▶ Your instructions:
You are to retype all of the data exactly as it appears.

▶ Data for the task:

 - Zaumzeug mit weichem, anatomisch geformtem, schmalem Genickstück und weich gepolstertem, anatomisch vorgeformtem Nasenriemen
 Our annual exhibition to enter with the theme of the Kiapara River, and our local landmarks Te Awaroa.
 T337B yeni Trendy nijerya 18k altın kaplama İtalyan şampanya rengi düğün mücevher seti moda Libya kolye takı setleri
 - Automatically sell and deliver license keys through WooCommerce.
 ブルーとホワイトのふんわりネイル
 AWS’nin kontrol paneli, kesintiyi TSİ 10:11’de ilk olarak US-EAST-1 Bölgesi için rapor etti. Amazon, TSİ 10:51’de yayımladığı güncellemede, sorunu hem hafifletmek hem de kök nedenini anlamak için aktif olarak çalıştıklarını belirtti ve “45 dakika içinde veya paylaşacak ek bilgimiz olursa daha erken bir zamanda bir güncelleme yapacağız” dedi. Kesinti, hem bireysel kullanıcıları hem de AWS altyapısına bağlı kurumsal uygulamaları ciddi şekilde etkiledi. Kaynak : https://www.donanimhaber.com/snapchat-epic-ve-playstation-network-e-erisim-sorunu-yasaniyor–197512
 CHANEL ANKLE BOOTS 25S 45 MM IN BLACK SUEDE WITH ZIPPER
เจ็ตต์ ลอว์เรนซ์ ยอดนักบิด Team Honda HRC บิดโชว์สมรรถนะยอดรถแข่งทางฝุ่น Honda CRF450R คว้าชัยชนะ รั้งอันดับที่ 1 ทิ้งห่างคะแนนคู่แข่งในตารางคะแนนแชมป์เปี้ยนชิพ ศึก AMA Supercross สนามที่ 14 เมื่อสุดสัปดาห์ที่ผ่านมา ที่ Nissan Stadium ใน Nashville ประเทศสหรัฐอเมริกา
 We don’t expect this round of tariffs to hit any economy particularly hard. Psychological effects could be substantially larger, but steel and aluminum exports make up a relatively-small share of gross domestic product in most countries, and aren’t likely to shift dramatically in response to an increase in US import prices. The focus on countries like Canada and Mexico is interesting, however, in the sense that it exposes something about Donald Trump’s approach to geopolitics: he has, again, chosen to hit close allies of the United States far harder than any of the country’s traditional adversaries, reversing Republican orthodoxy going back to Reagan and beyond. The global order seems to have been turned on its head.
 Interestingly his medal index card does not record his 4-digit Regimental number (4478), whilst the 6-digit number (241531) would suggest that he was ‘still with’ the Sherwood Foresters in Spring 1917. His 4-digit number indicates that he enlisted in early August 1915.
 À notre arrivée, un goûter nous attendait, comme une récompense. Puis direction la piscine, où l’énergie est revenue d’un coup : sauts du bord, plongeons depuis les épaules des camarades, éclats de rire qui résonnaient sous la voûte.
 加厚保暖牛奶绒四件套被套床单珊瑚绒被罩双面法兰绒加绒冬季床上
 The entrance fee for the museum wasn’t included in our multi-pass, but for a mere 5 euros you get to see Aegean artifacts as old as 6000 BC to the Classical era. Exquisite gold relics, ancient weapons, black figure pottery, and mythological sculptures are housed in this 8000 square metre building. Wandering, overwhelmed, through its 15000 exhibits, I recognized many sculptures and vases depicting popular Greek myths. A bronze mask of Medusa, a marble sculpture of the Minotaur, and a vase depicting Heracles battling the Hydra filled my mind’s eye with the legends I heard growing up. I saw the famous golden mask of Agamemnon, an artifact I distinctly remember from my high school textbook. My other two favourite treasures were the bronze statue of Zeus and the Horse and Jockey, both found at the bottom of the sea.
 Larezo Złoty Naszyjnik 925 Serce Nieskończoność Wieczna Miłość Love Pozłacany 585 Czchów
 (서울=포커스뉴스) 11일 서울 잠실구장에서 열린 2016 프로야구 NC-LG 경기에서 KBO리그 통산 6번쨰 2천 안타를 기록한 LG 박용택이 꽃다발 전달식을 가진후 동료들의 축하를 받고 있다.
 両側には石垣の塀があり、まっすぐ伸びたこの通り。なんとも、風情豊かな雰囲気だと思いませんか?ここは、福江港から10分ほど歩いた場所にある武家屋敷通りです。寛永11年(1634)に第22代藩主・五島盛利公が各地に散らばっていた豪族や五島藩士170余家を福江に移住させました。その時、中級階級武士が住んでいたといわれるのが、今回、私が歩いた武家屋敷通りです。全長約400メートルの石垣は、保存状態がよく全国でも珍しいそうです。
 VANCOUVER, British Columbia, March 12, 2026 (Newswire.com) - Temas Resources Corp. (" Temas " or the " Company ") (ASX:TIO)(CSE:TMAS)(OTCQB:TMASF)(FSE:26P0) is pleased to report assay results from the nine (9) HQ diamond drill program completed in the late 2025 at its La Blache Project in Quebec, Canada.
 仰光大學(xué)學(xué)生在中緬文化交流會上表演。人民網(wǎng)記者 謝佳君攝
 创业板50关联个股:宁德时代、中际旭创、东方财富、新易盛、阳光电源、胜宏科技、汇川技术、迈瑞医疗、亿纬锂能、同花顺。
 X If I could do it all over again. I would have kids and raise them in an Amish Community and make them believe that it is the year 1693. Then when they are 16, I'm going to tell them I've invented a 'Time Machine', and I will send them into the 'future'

▶ Output:
 - Zaumzeug mit weichem, anatomisch geformtem, schmalem Genickstück und weich gepolstertem, anatomisch vorgeformtem Nasenriemen
 Our annual exhibition to enter with the theme of the Kiapara River, and our local landmarks Te Awaroa.
 T337B yeni Trendy nijerya 18k altın kaplama İtalyan şampanya rengi düğün mücevher seti moda Libya kolye takı setleri
 - Automatically sell and deliver license keys through WooCommerce.
 ブルーとホワイトのふんわりネイル
 AWS’nin kontrol paneli, kesintiyi TSİ 10:11’de ilk olarak US-EAST-1 Bölgesi için rapor etti. Amazon, TSİ 10:51’de yayımladığı güncellemede, sorunu hem hafifletmek hem de kök nedenini anlamak için aktif olarak çalıştıklarını belirtti ve “45 dakika içinde veya paylaşacak ek bilgimiz olursa daha erken bir zamanda bir güncelleme yapacağız” dedi. Kesinti, hem bireysel kullanıcıları hem de AWS altyapısına bağlı kurumsal uygulamaları ciddi şekilde etkiledi. Kaynak : https://www.donanimhaber.com/snapchat-epic-ve-playstation-network-e-erisim-sorunu-yasaniyor–197512
 CHANEL ANKLE BOOTS 25S 45 MM IN BLACK SUEDE WITH ZIPPER
เจ็ตต์ ลอว์เรนซ์ ยอดนักบิด Team Honda HRC บิดโชว์สมรรถนะยอดรถแข่งทางฝุ่น Honda CRF450R คว้าชัยชนะ รั้งอันดับที่ 1 ทิ้งห่างคะแนนคู่แข่งในตารางคะแนนแชมป์เปี้ยนชิพ ศึก AMA Supercross สนามที่ 14 เมื่อสุดสัปดาห์ที่ผ่านมา ที่ Nissan Stadium ใน Nashville ประเทศสหรัฐอเมริกา
 We don’t expect this round of tariffs to hit any economy particularly hard. Psychological effects could be substantially larger, but steel and aluminum exports make up a relatively-small share of gross domestic product in most countries, and aren’t likely to shift dramatically in response to an increase in US import prices. The focus on countries like Canada and Mexico is interesting, however, in the sense that it exposes something about Donald Trump’s approach to geopolitics: he has, again, chosen to hit close allies of the United States far harder than any of the country’s traditional adversaries, reversing Republican orthodoxy going back to Reagan and beyond. The global order seems to have been turned on its head.
 Interestingly his medal index card does not record his 4-digit Regimental number (4478), whilst the 6-digit number (241531) would suggest that he was ‘still with’ the Sherwood Foresters in Spring 1917. His 4-digit number indicates that he enlisted in early August 1915.
 À notre arrivée, un goûter nous attendait, comme une récompense. Puis direction la piscine, où l’énergie est revenue d’un coup : sauts du bord, plongeons depuis les épaules des camarades, éclats de rire qui résonnaient sous la voûte.
 加厚保暖牛奶绒四件套被套床单珊瑚绒被罩双面法兰绒加绒冬季床上
 The entrance fee for the museum wasn’t included in our multi-pass, but for a mere 5 euros you get to see Aegean artifacts as old as 6000 BC to the Classical era. Exquisite gold relics, ancient weapons, black figure pottery, and mythological sculptures are housed in this 8000 square metre building. Wandering, overwhelmed, through its 15000 exhibits, I recognized many sculptures and vases depicting popular Greek myths. A bronze mask of Medusa, a marble sculpture of the Minotaur, and a vase depicting Heracles battling the Hydra filled my mind’s eye with the legends I heard growing up. I saw the famous golden mask of Agamemnon, an artifact I distinctly remember from my high school textbook. My other two favourite treasures were the bronze statue of Zeus and the Horse and Jockey, both found at the bottom of the sea.
 Larezo Złoty Naszyjnik 925 Serce Nieskończoność Wieczna Miłość Love Pozłacany 585 Czchów
 (서울=포커스뉴스) 11일 서울 잠실구장에서 열린 2016 프로야구 NC-LG 경기에서 KBO리그 통산 6번쨰 2천 안타를 기록한 LG 박용택이 꽃다발 전달식을 가진후 동료들의 축하를 받고 있다.
 両側には石垣の塀があり、まっすぐ伸びたこの通り。なんとも、風情豊かな雰囲気だと思いませんか?ここは、福江港から10分ほど歩いた場所にある武家屋敷通りです。寛永11年(1634)に第22代藩主・五島盛利公が各地に散らばっていた豪族や五島藩士170余家を福江に移住させました。その時、中級階級武士が住んでいたといわれるのが、今回、私が歩いた武家屋敷通りです。全長約400メートルの石垣は、保存状態がよく全国でも珍しいそうです。
 VANCOUVER, British Columbia, March 12, 2026 (Newswire.com) - Temas Resources Corp. (" Temas " or the " Company ") (ASX:TIO)(CSE:TMAS)(OTCQB:TMASF)(FSE:26P0) is pleased to report assay results from the nine (9) HQ diamond drill program completed in the late 2025 at its La Blache Project in Quebec, Canada.
 仰光大學(xué)學(xué)生在中緬文化交流會上表演。人民網(wǎng)記者 謝佳君攝
 创业板50关联个股:宁德时代、中际旭创、东方财富、新易盛、阳光电源、胜宏科技、汇川技术、迈瑞医疗、亿纬锂能、同花顺。
 X If I could do it all over again. I would have kids and raise them in an Amish Community and make them believe that it is the year 1693. Then when they are 16, I'm going to tell them I've invented a 'Time Machine', and I will send them into the 'future'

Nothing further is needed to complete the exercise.